* _WORK ORDER_: Only these lines of the data below are wanted: the one with "云南梁王山,樹木枝頭晶瑩剔透的冰花(1月13日攝)。", the one with "Ein herausragender Amethyst- Rohstein", and any lines between them, each repeated exactly.

* _DATA RECORDS_:
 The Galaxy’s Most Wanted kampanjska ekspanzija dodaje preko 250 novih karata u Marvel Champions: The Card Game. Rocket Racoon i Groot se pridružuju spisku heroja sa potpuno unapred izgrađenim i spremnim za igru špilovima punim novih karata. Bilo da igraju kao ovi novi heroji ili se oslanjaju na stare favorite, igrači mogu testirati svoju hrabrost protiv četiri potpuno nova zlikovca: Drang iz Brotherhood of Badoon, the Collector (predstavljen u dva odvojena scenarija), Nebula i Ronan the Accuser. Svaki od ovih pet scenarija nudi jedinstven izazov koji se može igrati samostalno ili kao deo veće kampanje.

--

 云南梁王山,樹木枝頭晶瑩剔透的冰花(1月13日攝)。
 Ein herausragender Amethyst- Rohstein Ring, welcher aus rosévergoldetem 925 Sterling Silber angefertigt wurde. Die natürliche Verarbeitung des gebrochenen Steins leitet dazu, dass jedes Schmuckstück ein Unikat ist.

--

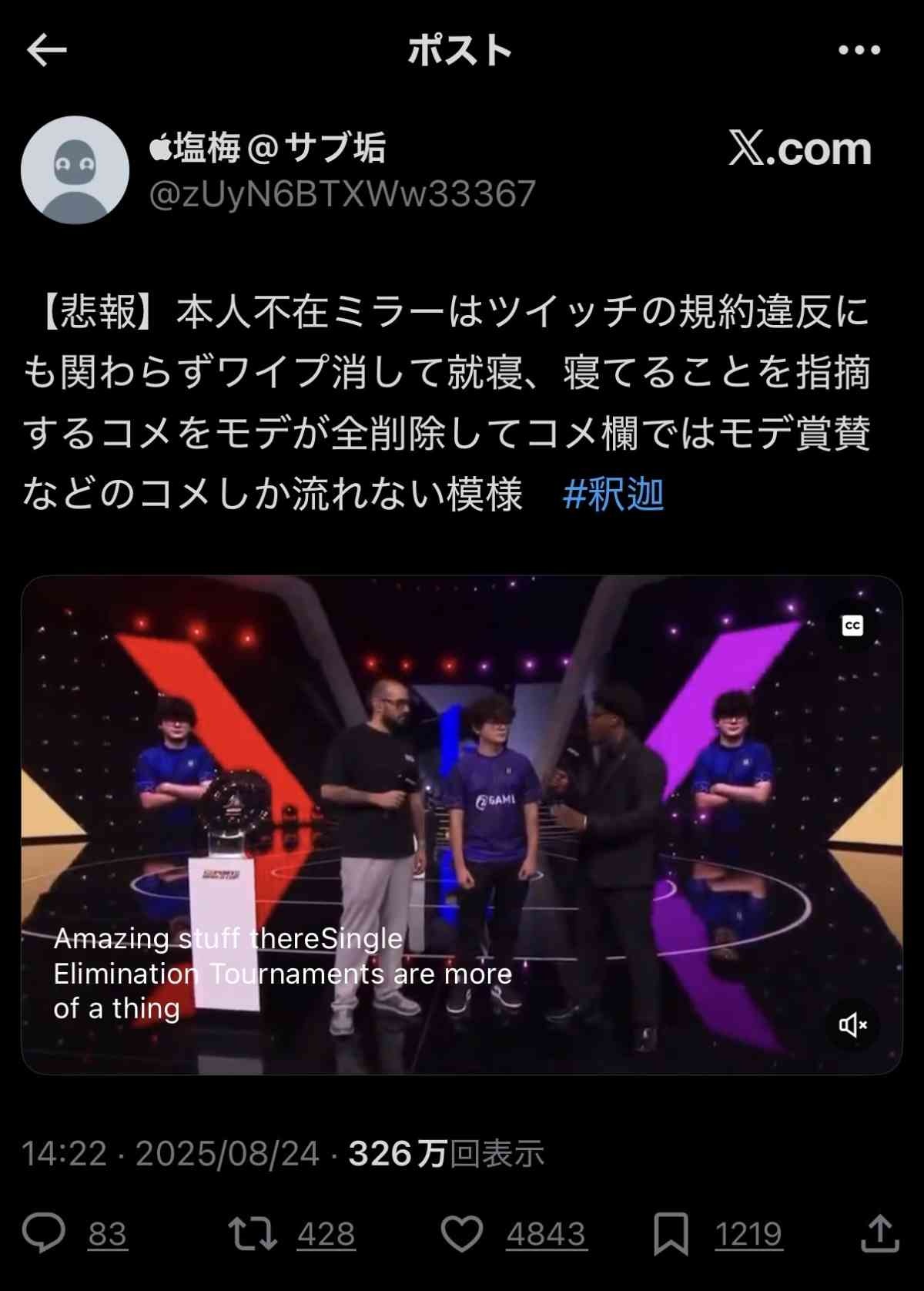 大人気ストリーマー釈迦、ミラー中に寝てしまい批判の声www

* _RESULT OF THE EXERCISE_:
 云南梁王山,樹木枝頭晶瑩剔透的冰花(1月13日攝)。
 Ein herausragender Amethyst- Rohstein Ring, welcher aus rosévergoldetem 925 Sterling Silber angefertigt wurde. Die natürliche Verarbeitung des gebrochenen Steins leitet dazu, dass jedes Schmuckstück ein Unikat ist.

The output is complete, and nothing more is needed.